* [Instructions for the task]:
Make an exact copy of the records, leaving out the images.
Segment Start: Data under study
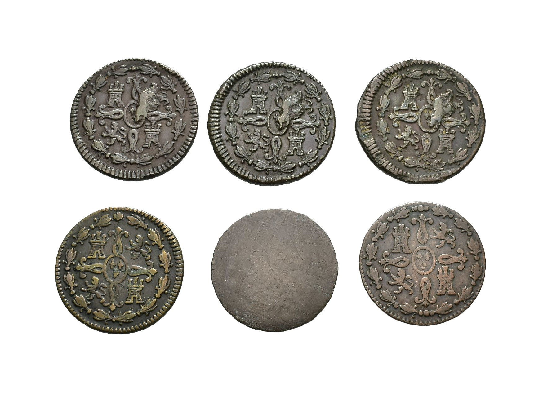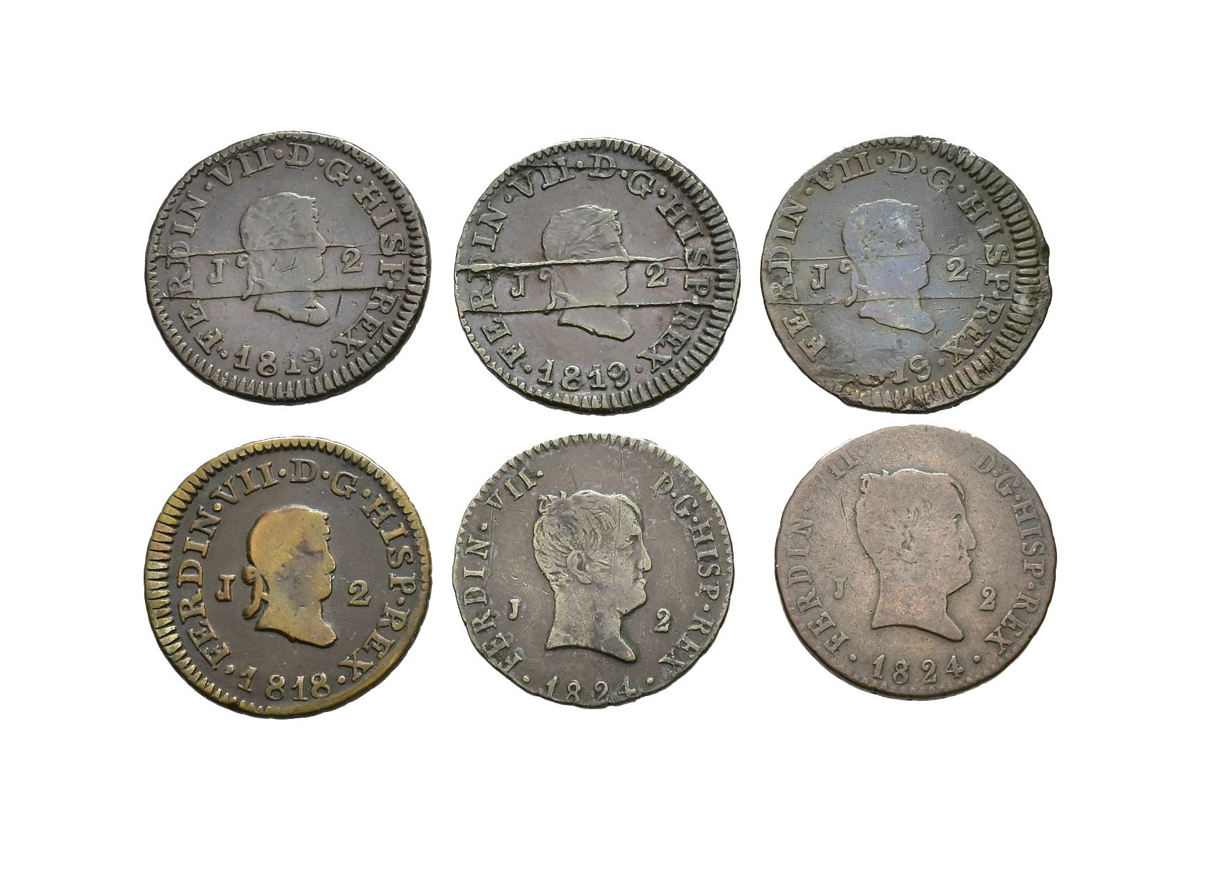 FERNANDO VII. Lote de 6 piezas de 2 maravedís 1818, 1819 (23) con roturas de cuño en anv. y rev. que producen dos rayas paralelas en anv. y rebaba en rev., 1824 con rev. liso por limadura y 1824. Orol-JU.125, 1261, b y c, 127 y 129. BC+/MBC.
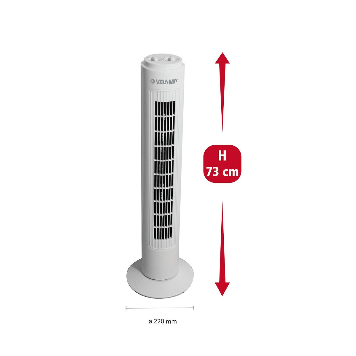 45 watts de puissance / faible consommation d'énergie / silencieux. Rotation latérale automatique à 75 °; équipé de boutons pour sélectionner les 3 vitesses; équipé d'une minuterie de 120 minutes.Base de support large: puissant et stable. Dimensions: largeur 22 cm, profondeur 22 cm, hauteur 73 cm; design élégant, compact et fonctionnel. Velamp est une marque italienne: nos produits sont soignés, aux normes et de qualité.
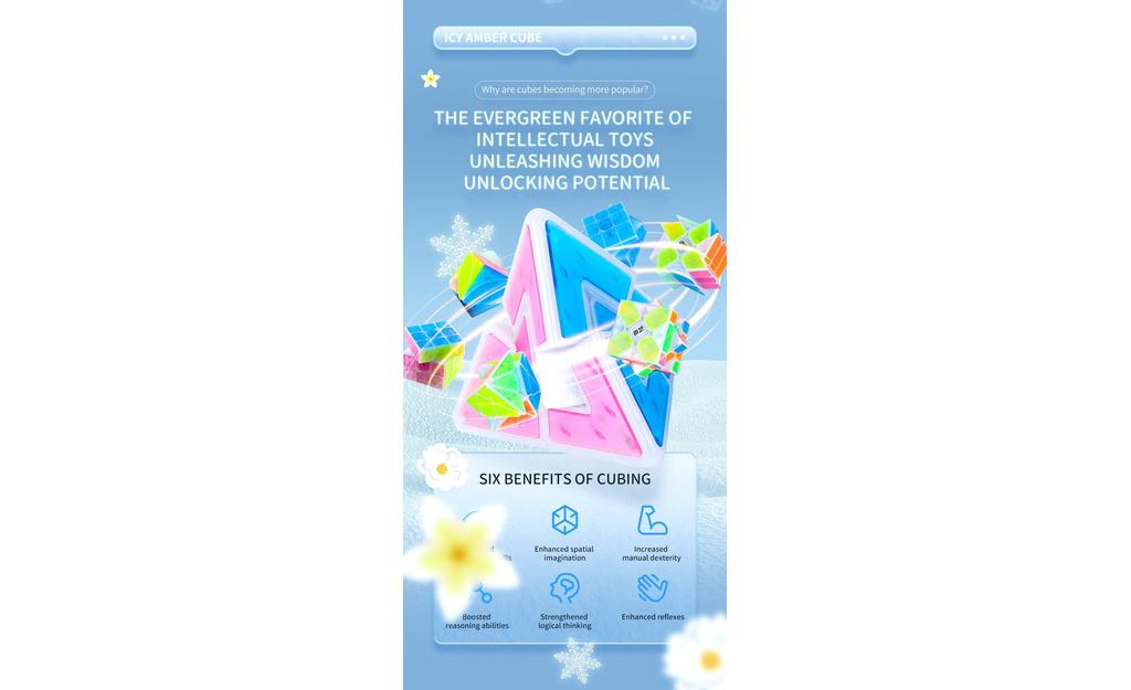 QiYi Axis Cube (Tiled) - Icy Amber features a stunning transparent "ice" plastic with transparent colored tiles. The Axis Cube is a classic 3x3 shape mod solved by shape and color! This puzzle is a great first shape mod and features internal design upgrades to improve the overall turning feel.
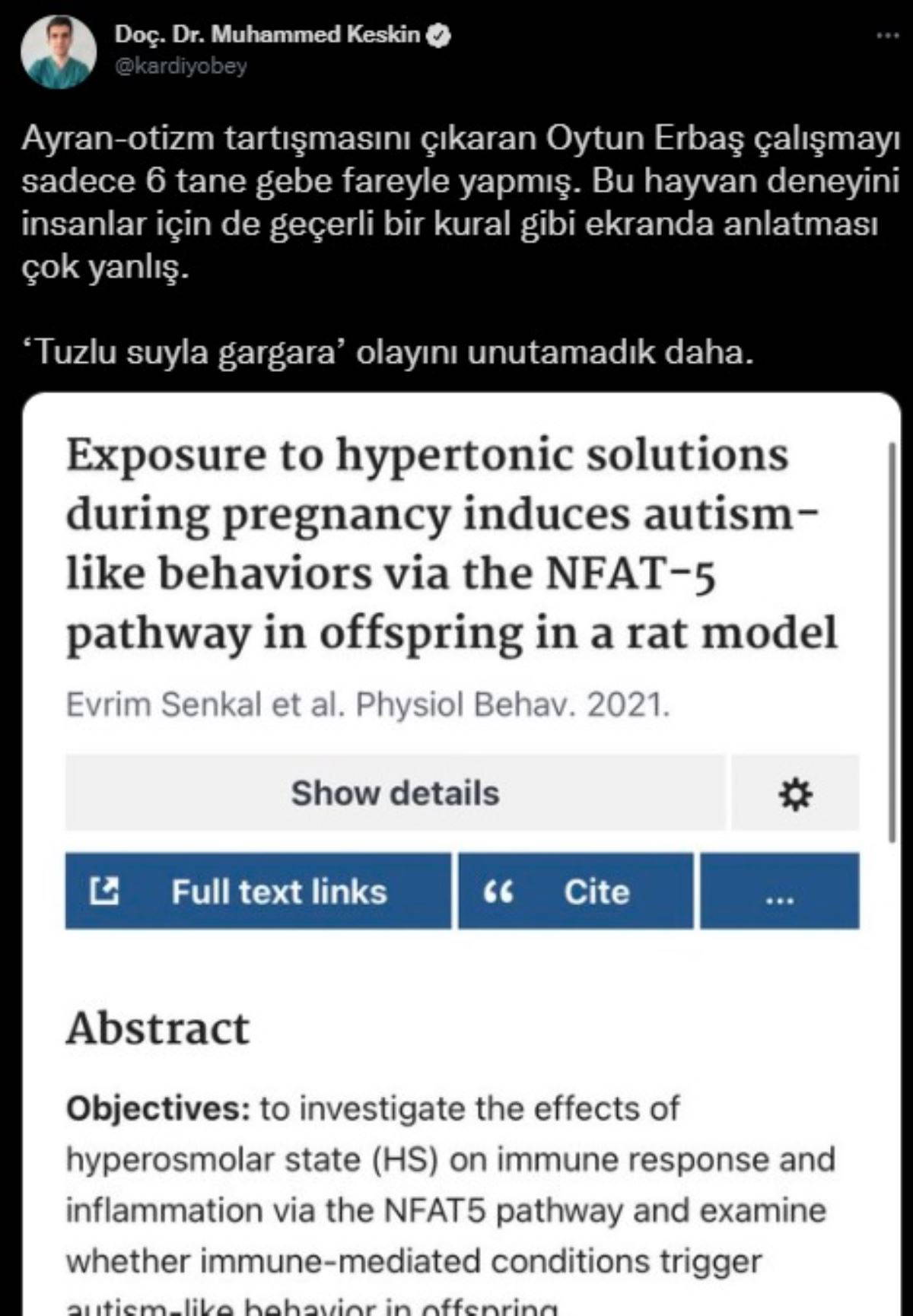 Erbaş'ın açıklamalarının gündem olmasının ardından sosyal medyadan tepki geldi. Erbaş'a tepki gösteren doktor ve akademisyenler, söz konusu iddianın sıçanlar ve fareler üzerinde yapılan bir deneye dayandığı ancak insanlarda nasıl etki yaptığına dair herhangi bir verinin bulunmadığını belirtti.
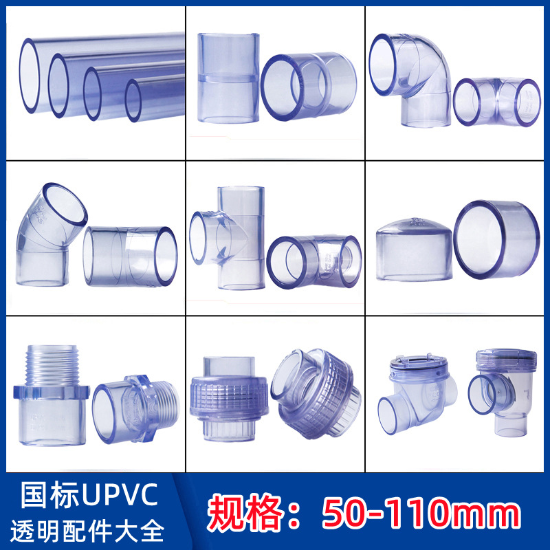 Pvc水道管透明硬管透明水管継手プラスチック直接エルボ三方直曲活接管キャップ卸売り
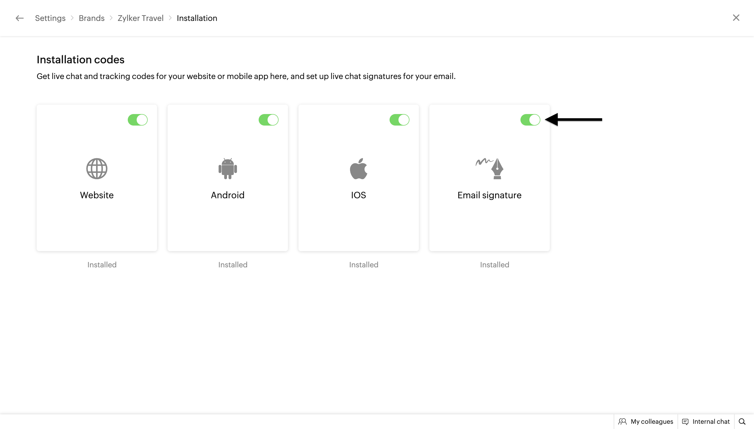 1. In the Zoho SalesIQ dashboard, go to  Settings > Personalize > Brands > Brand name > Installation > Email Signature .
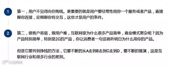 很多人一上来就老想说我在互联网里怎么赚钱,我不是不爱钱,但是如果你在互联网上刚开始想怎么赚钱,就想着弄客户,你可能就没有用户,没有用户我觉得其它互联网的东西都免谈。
Segment End: Data under study
* [Your solution]:
 FERNANDO VII. Lote de 6 piezas de 2 maravedís 1818, 1819 (23) con roturas de cuño en anv. y rev. que producen dos rayas paralelas en anv. y rebaba en rev., 1824 con rev. liso por limadura y 1824. Orol-JU.125, 1261, b y c, 127 y 129. BC+/MBC.
 45 watts de puissance / faible consommation d'énergie / silencieux. Rotation latérale automatique à 75 °; équipé de boutons pour sélectionner les 3 vitesses; équipé d'une minuterie de 120 minutes.Base de support large: puissant et stable. Dimensions: largeur 22 cm, profondeur 22 cm, hauteur 73 cm; design élégant, compact et fonctionnel. Velamp est une marque italienne: nos produits sont soignés, aux normes et de qualité.
 QiYi Axis Cube (Tiled) - Icy Amber features a stunning transparent "ice" plastic with transparent colored tiles. The Axis Cube is a classic 3x3 shape mod solved by shape and color! This puzzle is a great first shape mod and features internal design upgrades to improve the overall turning feel.
 Erbaş'ın açıklamalarının gündem olmasının ardından sosyal medyadan tepki geldi. Erbaş'a tepki gösteren doktor ve akademisyenler, söz konusu iddianın sıçanlar ve fareler üzerinde yapılan bir deneye dayandığı ancak insanlarda nasıl etki yaptığına dair herhangi bir verinin bulunmadığını belirtti.
 Pvc水道管透明硬管透明水管継手プラスチック直接エルボ三方直曲活接管キャップ卸売り
 1. In the Zoho SalesIQ dashboard, go to  Settings > Personalize > Brands > Brand name > Installation > Email Signature .
 很多人一上来就老想说我在互联网里怎么赚钱,我不是不爱钱,但是如果你在互联网上刚开始想怎么赚钱,就想着弄客户,你可能就没有用户,没有用户我觉得其它互联网的东西都免谈。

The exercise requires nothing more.